DATASET RECORDS Start Marker

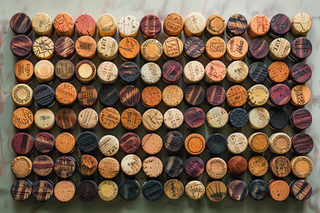 Wine corks, corkboard pattern, horizontal arrangement, wine-related texture, wine enthusiast, winery decor, rustic backdrop, winemaking material, cork surface, vintage style, hobby wineist, recycled corks, corkboard design, cork mosaic, textured background, craft and DIY , cork crafting, wine tasting, wine culture, winemaking supply, wine-themed art, cellar decor, wine room aesthetic, corkboard display, wine bar ambiance, wine corkboard pattern, rustic winery, wine aficionado, home bar decor, wine cellar detail, wine hobby project, upcycled cork art, winemaking tradition, wine industry, textured arrangement, cork artistry, creative wine design, winery atmosphere, wine collector, crafty wine enthusiast, wine
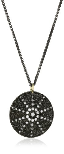 Almost a carat of glistening white diamonds outline the shape of a starburst pressed against a blackened silver medallion, which makes the diamonds really pop This large sized medallion is sure to be a statement all on its own! The ten point s of the starburst are outlined in beautiful white full cut diamonds and surround a circle of sparkling white diamonds .97ct The 25" blackened silver wheat chain that can be worn separately, is a perfect length to showcase this beautiful medallion on Imported
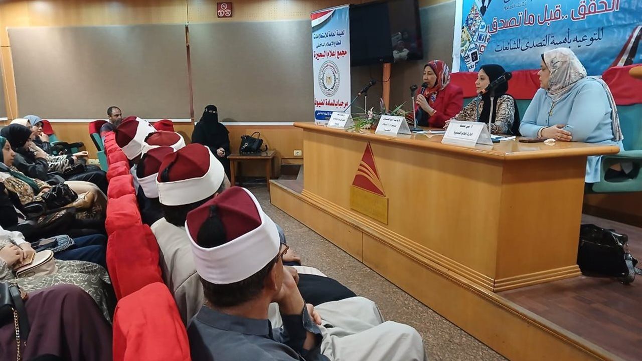 شهدت مكتبة مصر العامة بدمنهور انطلاق ندوة تثقيفية تحت شعار "اتحقق قبل ما تصدق"، والتى نظمتها إدارة إعلام البحيرة، بهدف بناء وعي مجتمعي قوي يواجه الشائعات ويحد من تأثيرها على الأفراد والمؤسسات، وذلك في إطار توجيهات الدكتورة جاكلين عازر محافظ البحيرة، بتعزيز الوعي المجتمعي ومواجهة حملات التضليل والشائعات.
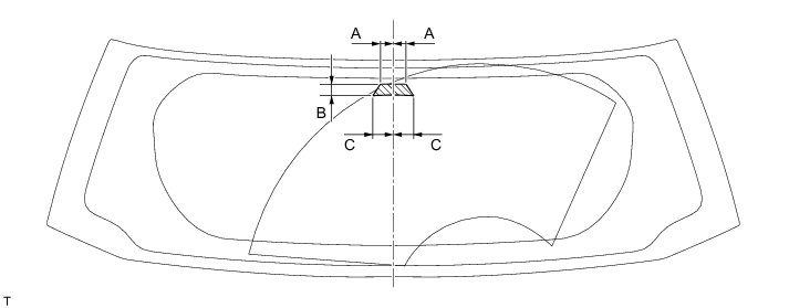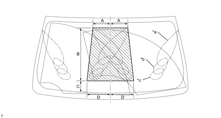 Washer fluid hits the windshield in the areas shown in the illustration.
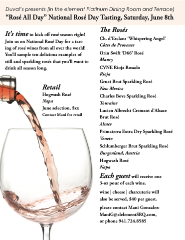 “Rosé All Day” National Rosé Day Tasting, Saturday, June 8th
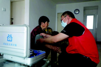 “婶子,最近身体怎么样,按时吃药了吗?我帮您测一下血压和血糖。”从仲阿姨家里出来后,刘凤涛又马不停蹄地赶往3号楼的王阿姨家里。看到刘凤涛的到来,王阿姨露出灿烂的笑容,“有你们定期过来上门帮我看病,辛苦啦,谢谢你们。”
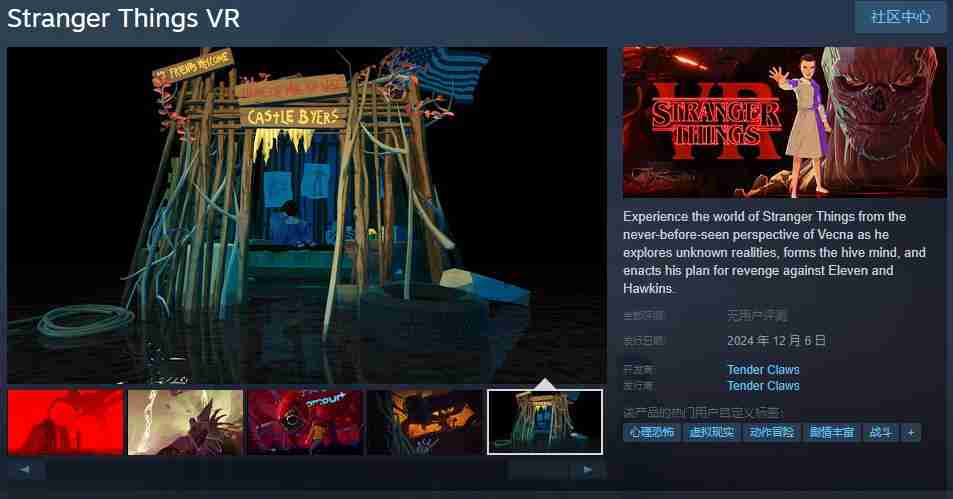 今日(11月7日),"怪奇物语"改编VR游戏《Stranger Things VR》Steam页面开放,预计2024年12月6日发售,暂不支持中文,感兴趣的玩家可以点击此处进入商店页面。
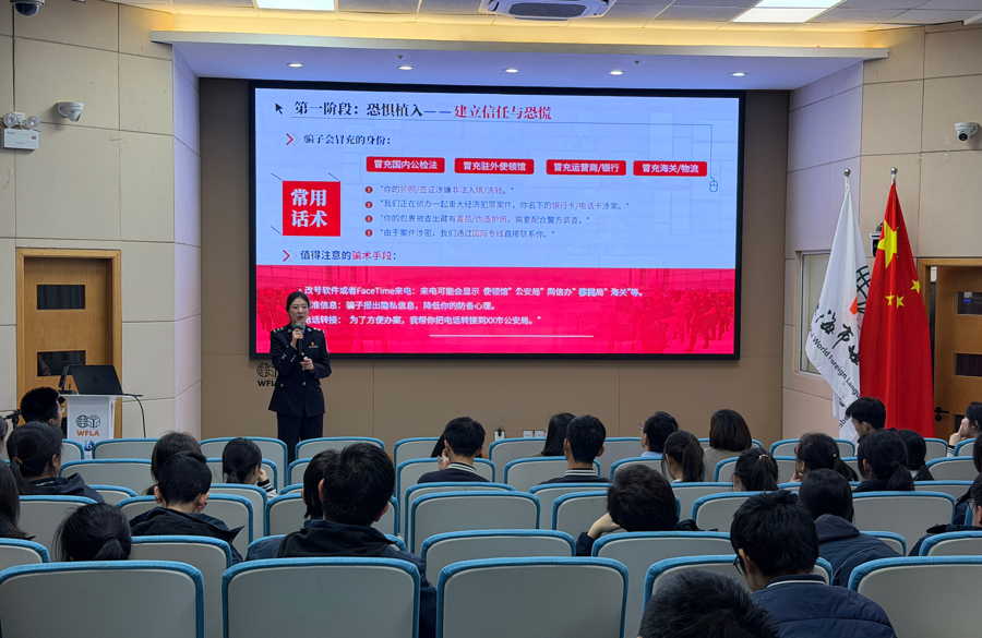 “如今在我们看来有些不可思议的诈骗套路,为什么当事人会深信不疑呢?”洪雅虹告诉同学们,犯罪分子首先冒充权威机构施压,刻意制造恐慌情绪;随后又会切断留学生与外界的联系,将留学生困于“信息茧房”。
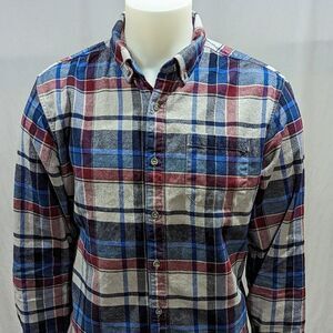 Eddie Bauer Men's Blue Checkered Classic Fit Cotton Button Up Shirt Size Large
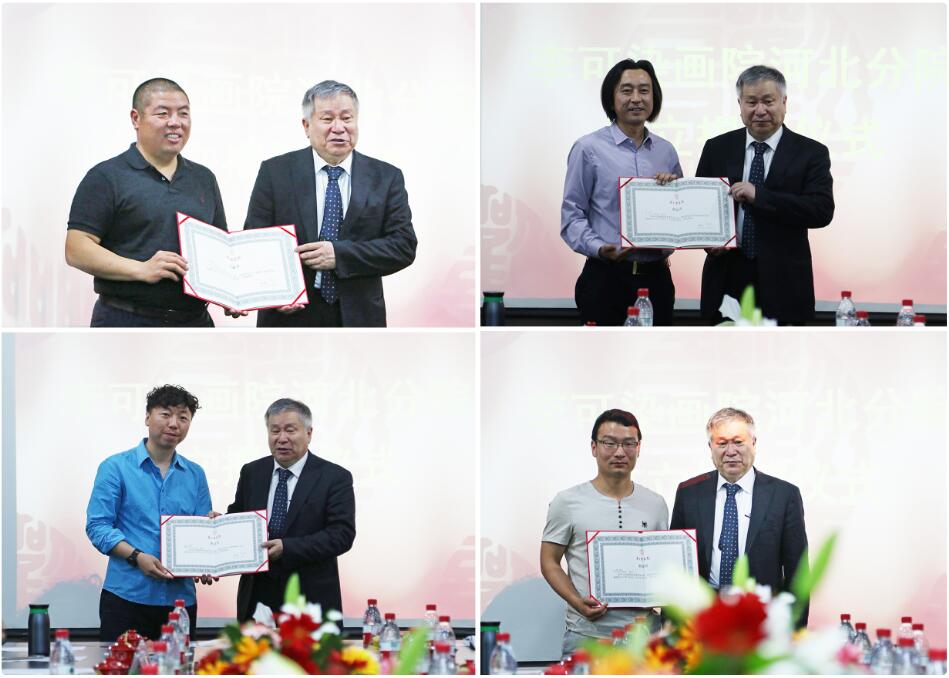 李庚院长表示,分院的建立是两院为建立京津冀大文化圈而做领先的一步,相信会给河北美术教育带来新鲜的内容,河北青年人的创造力也将给北京带来新的力量。希望这次合作进一步推动河北文化艺术教育、文化繁荣以及中国文脉传承。李院长为分院负责人及研究员颁发聘书。
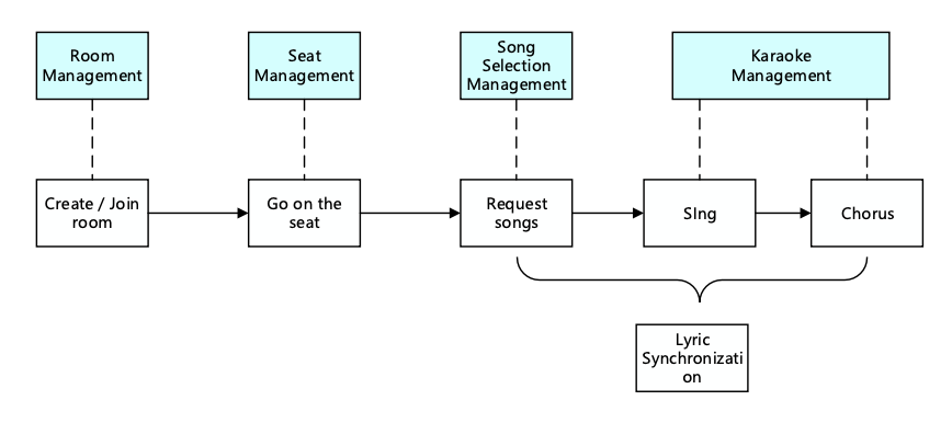 Room List | Go on/off the seat | Song List Display | Karaoke Play Mode |
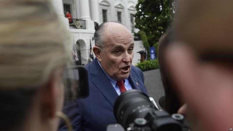 特朗普总统的律师朱利安尼在白宫南草坪向记者讲话,2018年5月30日。
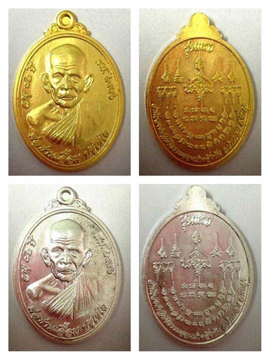 (จ้าวน้ำเงิน ทองสัตตะ ก้าวชนวนสมเด็จมหามงคลพระอาจารย์ศรีเงิน วัดดอนศาลา พัทลุง ,ปีกเหรียญทองคำ เงิน พ่อท่านเอื้อม ปชฺโชโต, ปีกเหรียญนวะหลวงปู่ทวด รุ่นห่มคลุม วัดศิลาลอย สงขลา, เม็ดทองแดง)
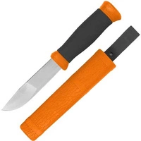 Ceniony model znanego noża Mora Companion we wzmocnionej wersji. Zastosowano w nim stal grubości aż 3.2mm dla uzyskania większej wytrzymałości niezbędnej np. podczas batonowania. Pomarańczowy kolor zapobiega zgubieniu noża w terenie.

DATASET RECORDS End Marker

Your copy should consist only of the lines from the one containing "(จ้าวน้ำเงิน ทองสัตตะ ก้าวชนวนสมเด็จมหามงคลพระอาจารย์ศรีเงิน" through the last line of the entries above, reproduced exactly, without pictures.

RESPONSE BELOW:
 (จ้าวน้ำเงิน ทองสัตตะ ก้าวชนวนสมเด็จมหามงคลพระอาจารย์ศรีเงิน วัดดอนศาลา พัทลุง ,ปีกเหรียญทองคำ เงิน พ่อท่านเอื้อม ปชฺโชโต, ปีกเหรียญนวะหลวงปู่ทวด รุ่นห่มคลุม วัดศิลาลอย สงขลา, เม็ดทองแดง)
 Ceniony model znanego noża Mora Companion we wzmocnionej wersji. Zastosowano w nim stal grubości aż 3.2mm dla uzyskania większej wytrzymałości niezbędnej np. podczas batonowania. Pomarańczowy kolor zapobiega zgubieniu noża w terenie.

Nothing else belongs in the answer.